Leave out every picture and set down, exactly, the lines below from the one holding "Catakor Advanced+ is" up to and including the one holding "Mooi klassiek geboortekaartje".

BEGIN INPUT MATERIAL

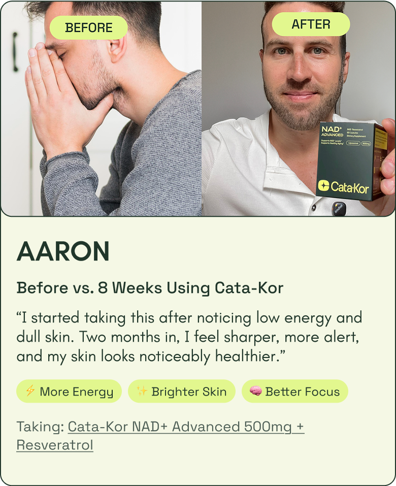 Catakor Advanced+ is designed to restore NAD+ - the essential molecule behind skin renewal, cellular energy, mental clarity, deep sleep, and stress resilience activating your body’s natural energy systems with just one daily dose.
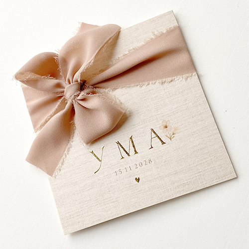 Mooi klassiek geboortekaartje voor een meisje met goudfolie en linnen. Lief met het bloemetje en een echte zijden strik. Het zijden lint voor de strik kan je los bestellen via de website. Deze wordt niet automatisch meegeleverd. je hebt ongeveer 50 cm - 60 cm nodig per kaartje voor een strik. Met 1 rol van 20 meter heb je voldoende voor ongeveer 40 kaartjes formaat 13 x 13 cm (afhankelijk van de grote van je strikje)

END INPUT MATERIAL
BEGIN INPUT MATERIAL

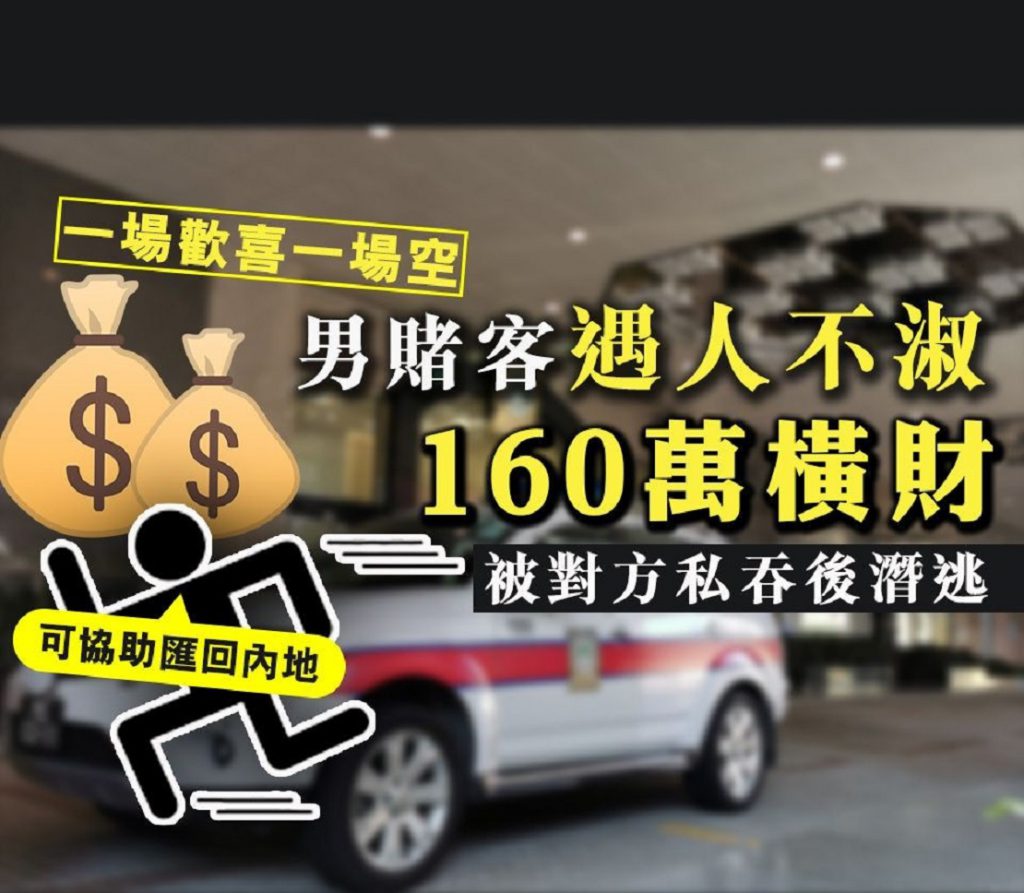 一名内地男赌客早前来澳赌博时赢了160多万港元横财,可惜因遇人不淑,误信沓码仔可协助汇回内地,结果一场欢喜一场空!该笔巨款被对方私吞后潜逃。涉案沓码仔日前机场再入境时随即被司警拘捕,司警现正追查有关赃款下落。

END INPUT MATERIAL

TASK ANSWER:
 Catakor Advanced+ is designed to restore NAD+ - the essential molecule behind skin renewal, cellular energy, mental clarity, deep sleep, and stress resilience activating your body’s natural energy systems with just one daily dose.
 Mooi klassiek geboortekaartje voor een meisje met goudfolie en linnen. Lief met het bloemetje en een echte zijden strik. Het zijden lint voor de strik kan je los bestellen via de website. Deze wordt niet automatisch meegeleverd. je hebt ongeveer 50 cm - 60 cm nodig per kaartje voor een strik. Met 1 rol van 20 meter heb je voldoende voor ongeveer 40 kaartjes formaat 13 x 13 cm (afhankelijk van de grote van je strikje)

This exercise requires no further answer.